Task to carry out
Restate, word for word and with no pictures, the stretch of lines in the data below that begins at the line with "白秘书长对宝健的企业文化、产" and ends at the line with "- 8-Piece Measuring", inclusive.

Data for review
-----
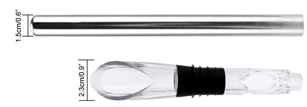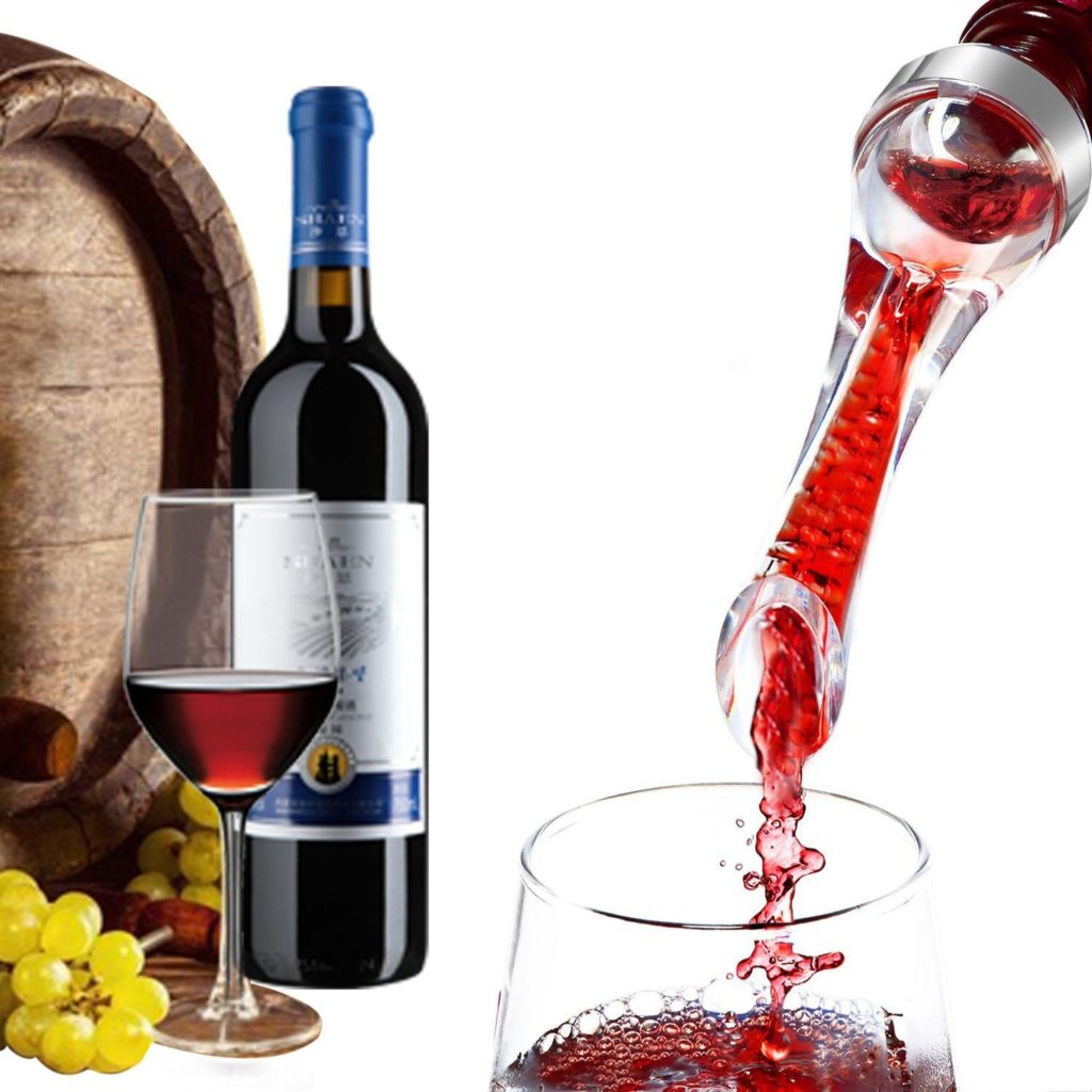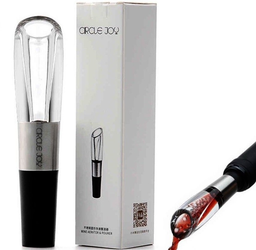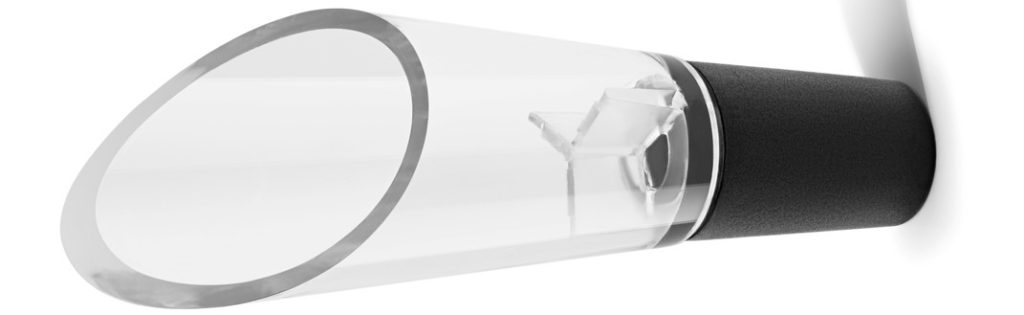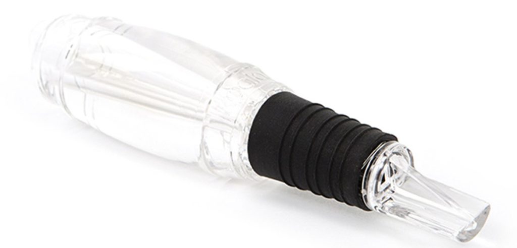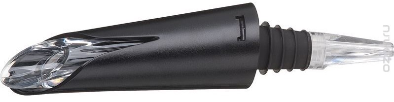 Produk merek terkenal, terbuat dari logam dan silikon. Berkat desain ini, ketika anggur memasuki saluran, ia bercampur dengan oksigen (berasal dari lubang mikro di saluran), tanin teroksidasi dan hasilnya adalah minuman dengan rasa dan aroma yang kaya, tanpa kotoran tambahan. Diameter 2,4 cm, panjang 11,5 cm Harga: 789 rubel.
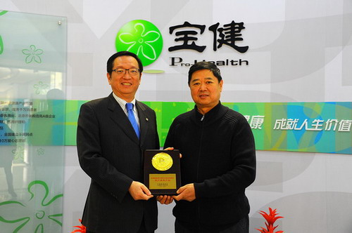 白秘书长对宝健的企业文化、产品生产过程进行详细考察后,对宝健产品质量给予高度认可,并代表全国用户向宝健颁发“全国实施用户满意工程先进单位-用户满意产品”奖项。
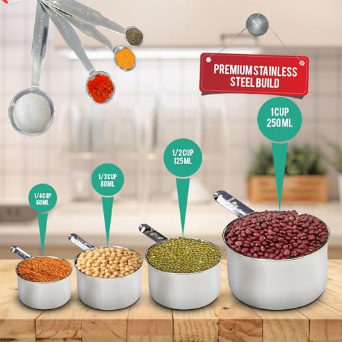 - 8-Piece Measuring Set – Stainless steel measuring cups & spoons for accurate dry & liquid measurement. Cups: 1/4 (60ml), 1/3 (80ml), 1/2 (125ml), 1 cup (250ml). Spoons: ¼ tsp (1.25ml), ½ tsp (2.5ml), 1 tsp (5ml), 1 tbsp (15ml).
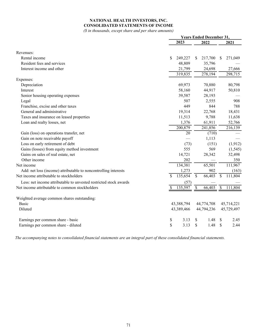 NATIONAL HEALTH INVESTORS, INC. CONSOLIDATED STATEMENTS OF INCOME ($ in thousands, except share and per share amounts) Years Ended December 31, 2023 2022 2021 Revenues: Rental income $ 249,227 $ 217,700 $ 271,049 Resident fees and services 48,809 35,796 — Interest income and other 21,799 24,698 27,666 319,835 278,194 298,715 Expenses: Depreciation 69,973 70,880 80,798 Interest 58,160 44,917 50,810 Senior housing operating expenses 39,587 28,193 — Legal 507 2,555 908 Franchise, excise and other taxes 449 844 788 General and administrative 19,314 22,768 18,431 Taxes and insurance on leased properties 11,513 9,788 11,638 Loan and realty losses, net 1,376 61,911 52,766 200,879 241,856 216,139 Gain (loss) on operations transfer, net 20 (710) — Gain on note receivable payoff — 1,113 — Loss on early retirement of debt (73) (151) (1,912) Gains (losses) from equity method investment 555 569 (1,545) Gains on sales of real estate, net 14,721 28,342 32,498 Other income 202 — 350 Net income 134,381 65,501 111,967 Add: net loss (income) attributable to noncontrolling interests 1,273 902 (163) Net income attributable to stockholders $ 135,654 $ 66,403 $ 111,804 Less: net income attributable to unvested restricted stock awards (57) — — Net income attributable to common stockholders $ 135,597 $ 66,403 $ 111,804 Weighted average common shares outstanding: Basic 43,388,794 44,774,708 45,714,221 Diluted 43,389,466 44,794,236 45,729,497 Earnings per common share - basic $ 3.13 $ 1.48 $ 2.45 Earnings per common share - diluted $ 3.13 $ 1.48 $ 2.44 The accompanying notes to consolidated financial statements are an integral part of these consolidated financial statements. 71
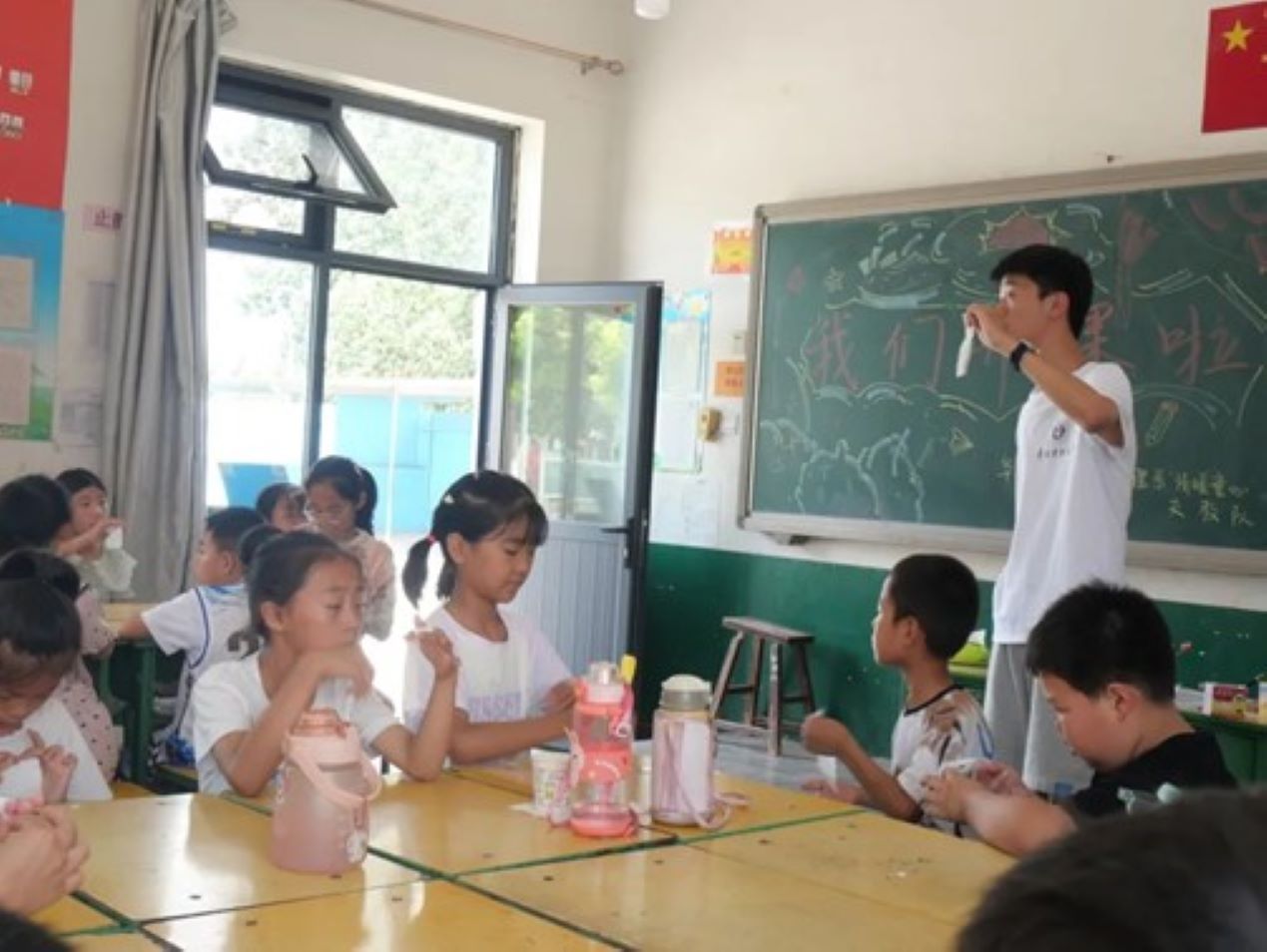 此外,實踐隊員們開設相關理論課程,如“生物基礎科學”“生活中的物理”等課程,介紹生活中常見的物理原理,并向小朋友們解釋生活中神奇的現象,小朋友們全神貫注地聽講,輕松快樂的學習。理論課夯實了小學生的物理知識基礎,激發(fā)他們學習的熱情。
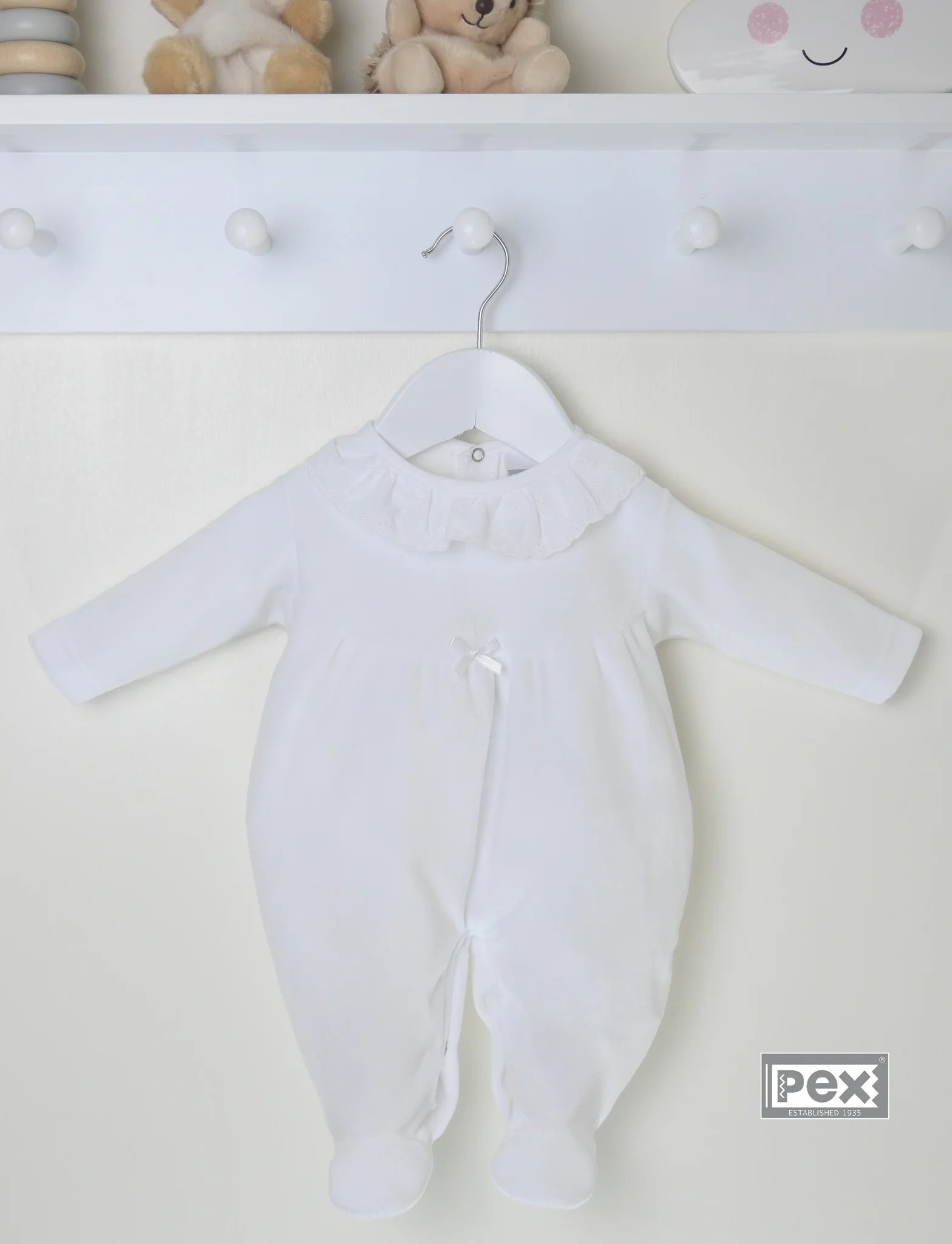 This charming new sleepsuit is crafted from luxuriously soft 80% cotton velour, enhanced with an elegant broderie lace trim along the neckline and a delicate ribbon bow at the chest. Designed for convenience, it includes practical press studs that run around the legs and down the back for easy dressing and changing.
-----
Answer for the task
 白秘书长对宝健的企业文化、产品生产过程进行详细考察后,对宝健产品质量给予高度认可,并代表全国用户向宝健颁发“全国实施用户满意工程先进单位-用户满意产品”奖项。
 - 8-Piece Measuring Set – Stainless steel measuring cups & spoons for accurate dry & liquid measurement. Cups: 1/4 (60ml), 1/3 (80ml), 1/2 (125ml), 1 cup (250ml). Spoons: ¼ tsp (1.25ml), ½ tsp (2.5ml), 1 tsp (5ml), 1 tbsp (15ml).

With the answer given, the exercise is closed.